We hiked into a remote canyon in the Sangre de Cristo Mountains. It was hot, despite a thunderstorm that had ripped through that morning dumping rain. We climbed switchbacks into mountains, up though ponderosa pine and aspen. We bushwhacked across a ridge and descended into a separate canyon, then dropped our packs in a spruce clearing, thirty yards from a swollen creek that plunged into the gorge, smashing through boulders. We secured our perimeter with motion cameras and wireless speakers. After sunset, we made final adjustments in the dim light of our headlamps. Then, I pressed play.

Eerie calls permeated the night, rising over the steady rush of the creek, a new track that I had engineered—Chad calling, “Mom?” Simple, efficient. A child asking for his mother. I set up the camera on a tripod, then sat down beside Wendy on the foam pad. She pulled a blanket over us and rested her head on my shoulder. We held each other’s hands, her fingers curled around mine, and listened.

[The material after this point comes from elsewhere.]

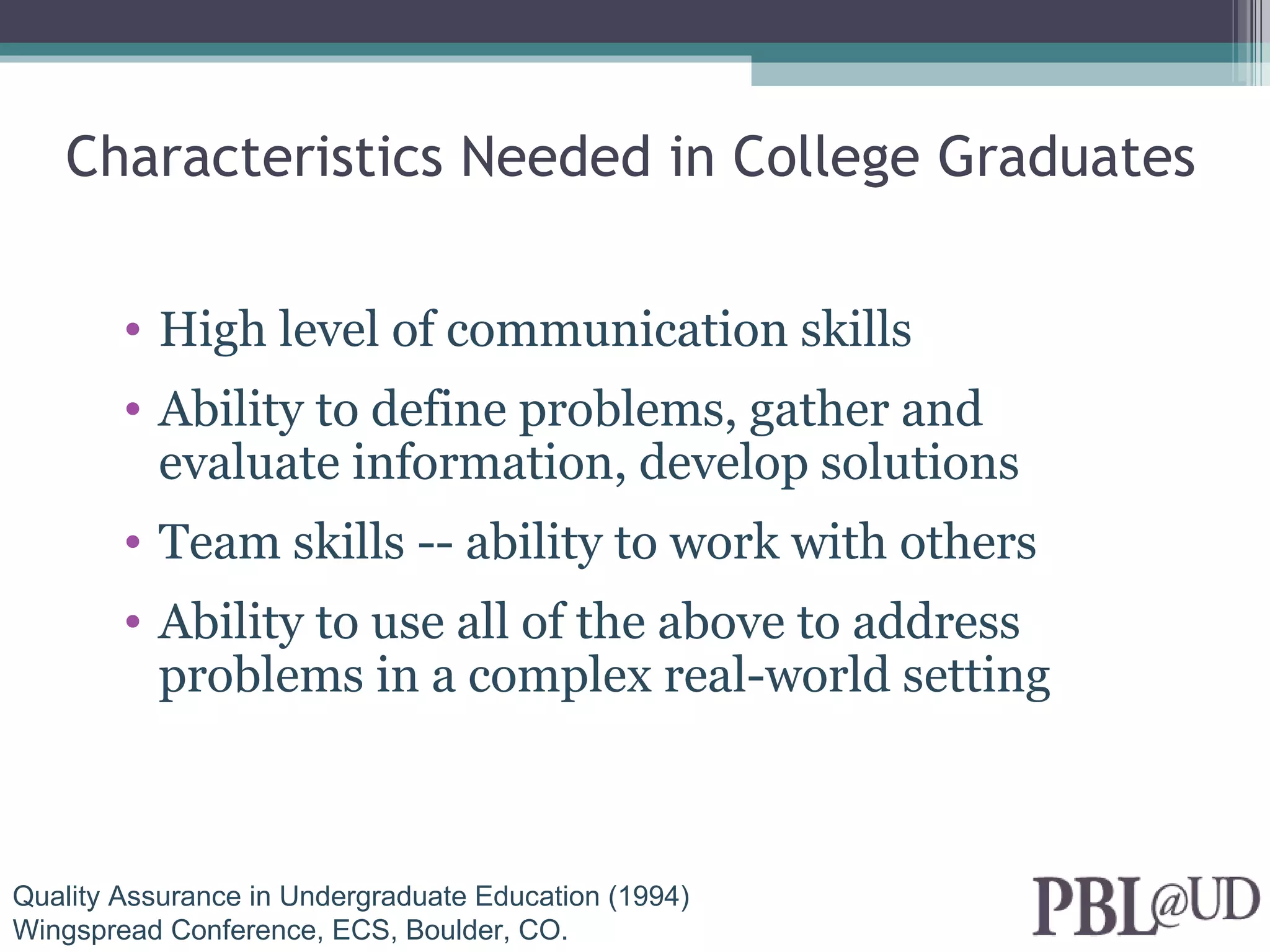 Problem-based learning (PBL) begins with students working in groups to solve an authentic, complex, real-world problem. Students identify what they need to know to solve the problem through self-directed learning. The process enhances retention through exploration, invention, and application of concepts. PBL contrasts with traditional, subject-based learning by applying knowledge to solve problems rather than first learning concepts separately. Effective PBL balances learning objectives and assessment of both content mastery and soft skills like teamwork and problem-solving.

Not once, not even on those first nights walking by myself after we had lost our son, had I ever felt nothing. Zero, not one hair raise. I was upset, deeply disturbed that Chad’s voice hadn’t worked.

Dense fog settled in. At dawn, my legs painfully numb from sitting still all night, I slowly packed the equipment. I turned off the camera. The backup battery flashed on its final bar. Wendy stretched. She cupped her hands to her mouth. I thought to warm them, but she blew an owl call, perfect, haunting. I cut the audio recording of Chad. The speakers popped. Then, inexplicably, we heard it. “Mom.” Clear, undeniable. Our eyes shot to each other, hearts stopped at the mimicked voice. We heard it, once more, a deeper “Mom” from across the creek, what Chad might have sounded like a few years older if he had still been with us. Wendy had already started forward in a motion that somehow seemed both slow and quicker than I had anticipated. “It’s an echo,” I said, tripping over wires as I tried to stop her. She disappeared into the fog. I slung the equipment, ripping wires free, and stumbled after her. The swollen creek stopped me. It raged, cascading into the canyon. Thick white fog blanketed the far bank. A cold wind rushed up the valley and swept the mist away, only to reveal an empty landscape.